With the players decision to begin the process of decertifying the union, the entire 2011-12 NBA season is now in serious jeopardy. 

Missing a season wouldn’t seriously damage the league’s long-term health, but it would be a completely unnecessary public relations blow, especially after the NBA’s most popular season since Michael Jordan’s second retirement. How could a rapidly growing $4 billion organization have a year-long work stoppage because labor and management couldn’t agree on how to distribute the profits?

It’s a grand failure of leadership from David Stern and Billy Hunter, two lawyers paid handsomely to ensure such a scenario could not happen. Stern had to offer such a lopsided deal because he did such a poor job selecting the league’s prospective owners over the last decade. Hunter had to reject it because he had not set up an effective means of communication between the union and its leadership.

Since the very beginning of the lockout, it’s been clear that the owners have not been willing to compromise. They published wildly misleading financial numbers while insisting the lockout was about competitive parity when it was really about making a small group of over-leveraged owners whole.

The players, understanding that they did not have much bargaining power, gave ground for most of the last five months. The negotiating committee, led by Hunter and NBPA President Derek Fisher, insisted their one “red-line” was the preservation of the current luxury tax/soft cap system. Yet they also continually waived away the idea of using the “nuclear option” of decertification as leverage, pinning their hopes on what’s looking like an ultimately fruitless appeal to the largely toothless National Labor Relations Board, rather than taking the tack of the NFLPA and decertifying as soon as they were locked out.

Stern is an excellent negotiator, and he knows what canceling the season will do to his legacy. He has been trying to placate a group of extremely intransigent hard-line owners who wanted him to make even fewer concessions, and it took him all he could to get them to agree to offer a deal last week.

When he offered the players a deal after 40 hours of negotiation last week, he probably thought they would take it. After all, if the players hadn’t decertified in July, when there was much more time to unwind the inevitable legal process before endangering their paychecks, why would they decertify in November? From Stern’s point of view, if decertification was off the table, and the players knew this was the best deal they were going to get without it, why wouldn’t they agree?

Instead, either because the players were emboldened by Stern’s rhetoric or because they never were interested in giving back as much as Hunter did in negotiations, they decided to reject Stern’s offer and decertify. Either way, there was a clear breakdown in communication between Hunter and his constituents.

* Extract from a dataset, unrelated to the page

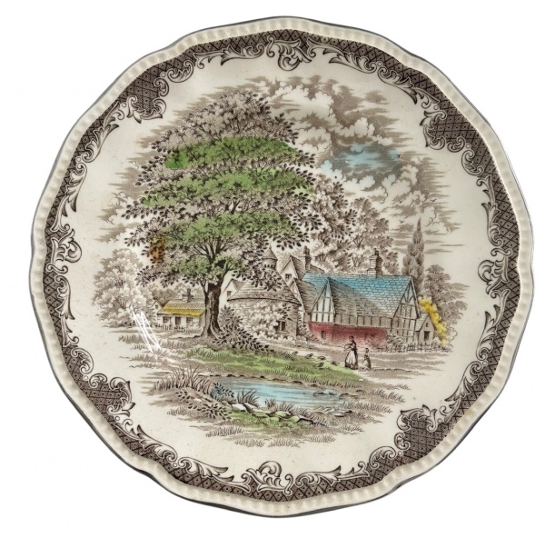 • Prato raso adornado com cena galante policromada em porcelana. Shakespeares Sonnets, Anne Hathaways Cottage, Kensington. Possui manufatura no verso. Mede 20cm de diâmetro.

Hunter should have known where his union’s “red-line” actually was, and if he did, he should have known the owners would never agree to it without decertification. In effect, Hunter has been wasting everyone’s time for the last five months.

With TNT’s David Aldridge tweeting that some players hadn’t even been able to talk to their team representatives before the pivotal meeting Monday, it’s not that surprising a communication breakdown occurred.

Yet, whenever there is not an active CBA negotiation process, what else does Billy Hunter’s job entail besides making sure that the lines of communication are open? DeMaurice Smith, the head of the NFLPA, made a point to personally meet with every one of the 32 NFL teams in training camp when he was elected to represent them. Smith, with his numerous connections to the Democratic political establishment, was a far more effective communicator during the NFL’s lockout than Hunter, who has chosen to take a step back from the public eye and let Derek Fisher be the face of the union during these negotiations.

Of course, at the end of the day, Hunter and Stern are just lawyers paid to represent the interests of people far more powerful than them. Once owners like Robert Sarver, Dan Gilbert and Michael Jordan became involved in the NBA, the path to a year-long lockout might have been inevitable. Unfortunately, the actions of Hunter and Stern may have made that more, and not less, likely.

The one upside to losing the 11-12 NBA season is that Stern and Hunter would likely go with it. But the season is not lost yet, and if either has any hope of salvaging their legacy, they’ll need to figure out some way to save it.